Kalis was the starting right guard for the Cincinnati Bengals for the last game ever played at Cleveland Municipal Stadium on December 17, 1995. At the time it was believed to be the last Cleveland Browns game ever to be played in Cleveland. Kalis was on the field when a time out was called by the officials to allow the Bengals to relocate to the other end of the field. The officials wanted to create more distance between the Bengals players and the fans who had already begun to tear seats out of the stadium and throw them onto the field.

Kalis started his final NFL football game on December 24, 1995, beating the Minnesota Vikings 27–24 at Riverfront Stadium in Cincinnati, Ohio.
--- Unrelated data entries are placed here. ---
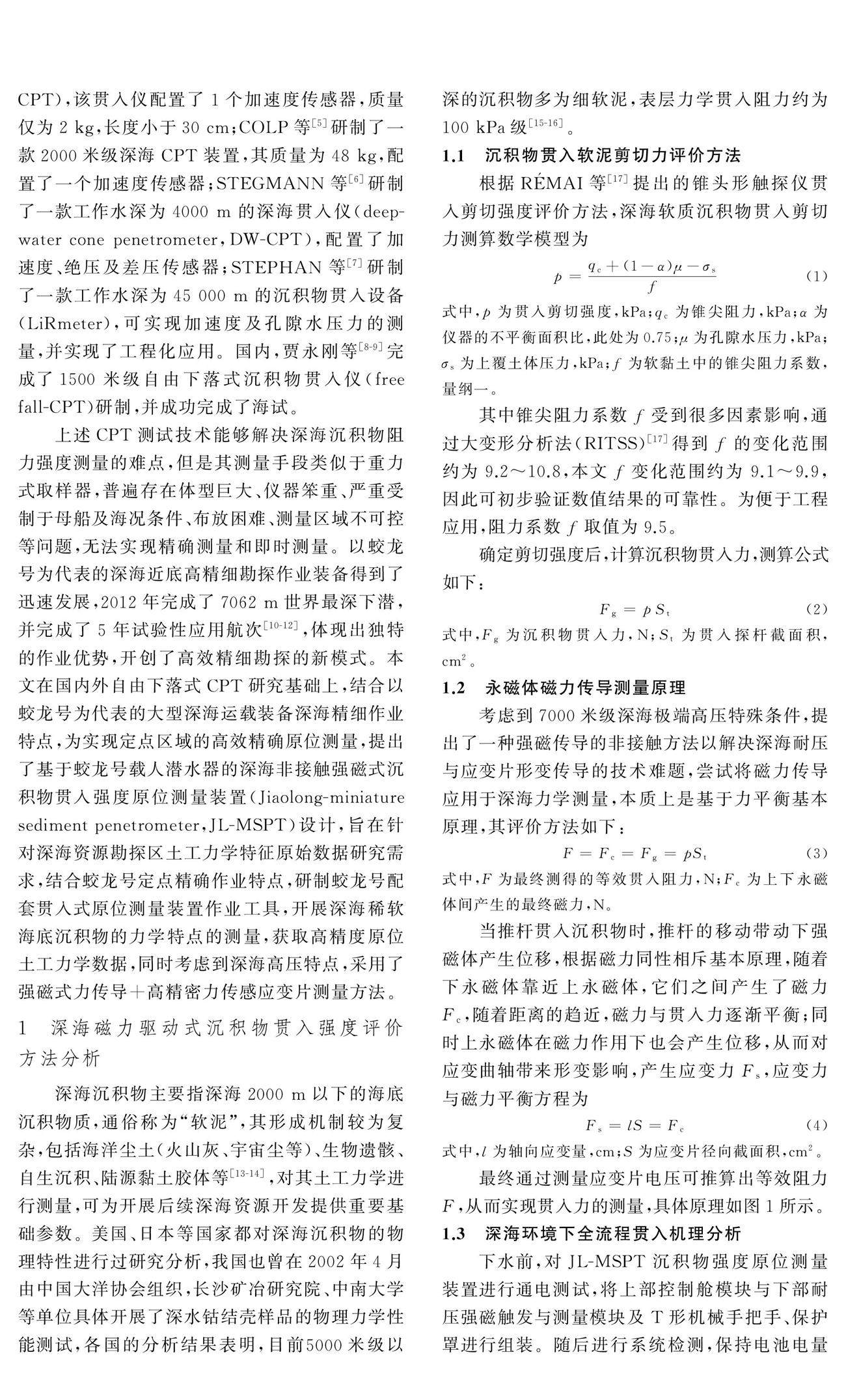 基于蛟龙号载人潜水器的深海非接触磁力驱动式沉积物贯入强度测量装置设计
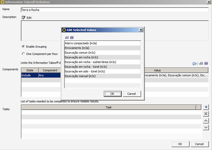 Foram criados seis Information Takeoffs, todos baseados nas classificações de Custeio e Locais:
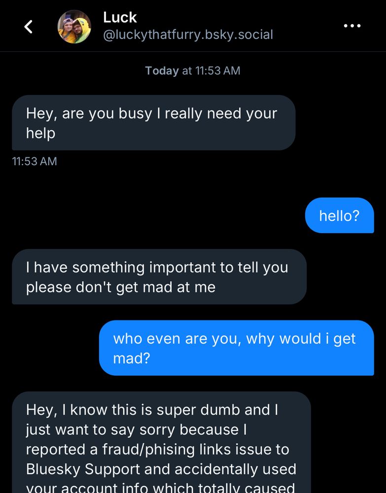 be on the lookout, i saw this person @luckythatfurry.bsky.social was following several of my moots/friends on here, assuming they sent the exact same message(s) to them as well
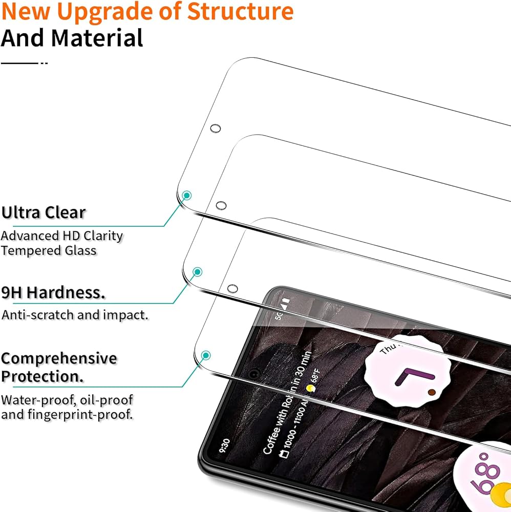 [تصميم فائق الدقة] يحافظ على جودة العرض الأصلية عالية الوضوح وحساسية اللمس لتجربة مستخدم سلسة. لا يؤثر على الفلاش ويجعل نفاذية الضوء تصل إلى 99.99%، مما يوفر جودة صورة واضحة وتوافق مع معرف الوجه.
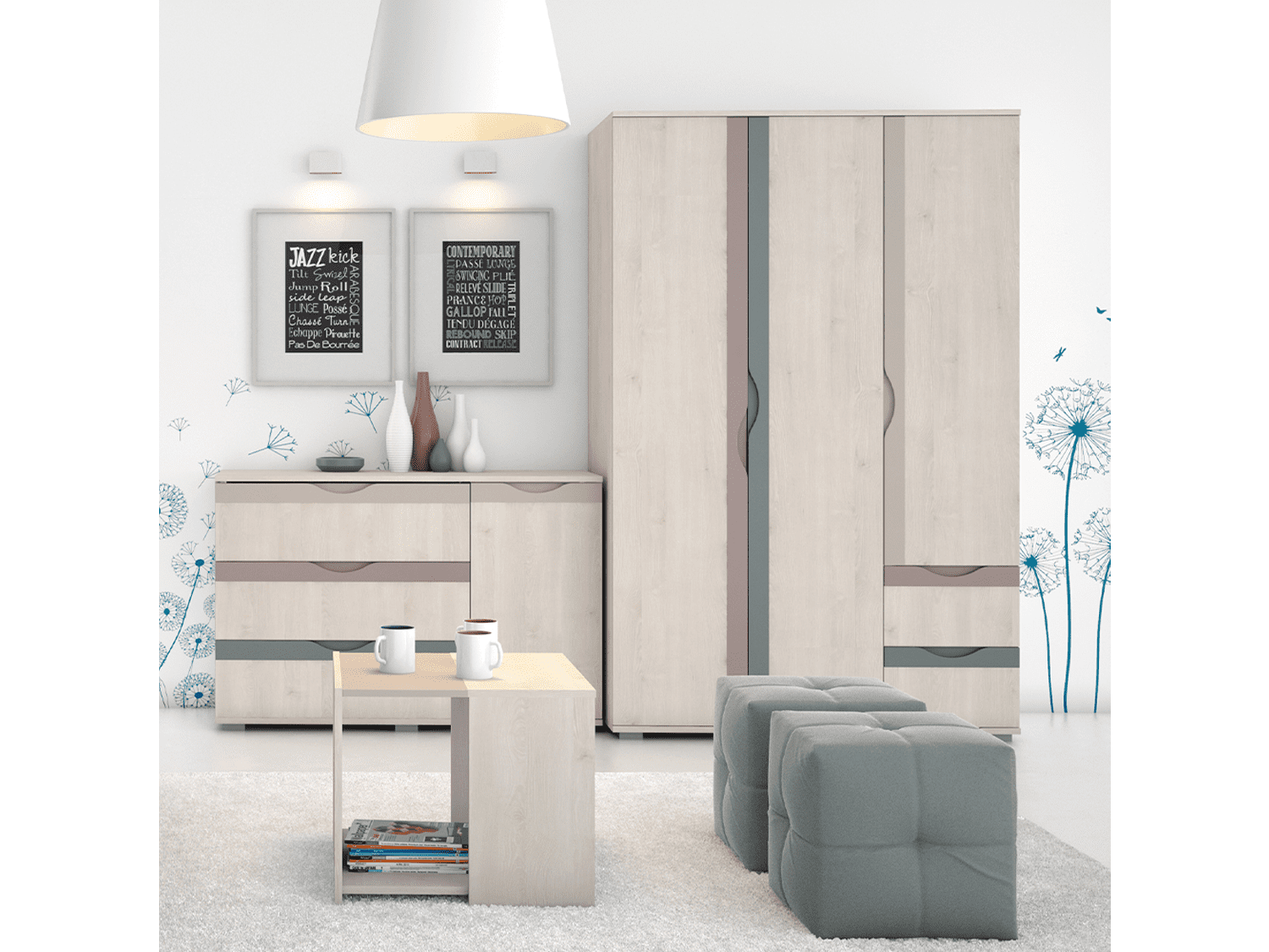 – Korpus elementa izrađen je od univera u drvo-dekoru Polarni bor u kombinaciji sa medijapanom u boji pesak

The Bengals finished the season with a record of 7–9 and 2nd in the AFC Central Division.

== Life after football ==
Kalis began his work with the NFL Alumni, a 501 (c) (3) non-profit organization after being voted President of the Pittsburgh Chapter in June 2000. In 2002, he became a member of the Board of Directors, in 2003 Chairman, Board of Chapter Presidents and in 2004 vice-chairman, Board of Directors. He resigned in 2017.

Kalis is co-author of Pigskin Dreams - The People, Places and Events that Forged the Character of the NFL's Greatest Players. The book is a collection of stories based on personal interviews conducted by Kalis highlighting the early influences that helped develop the character of a number of Pro Football Hall of Fame players.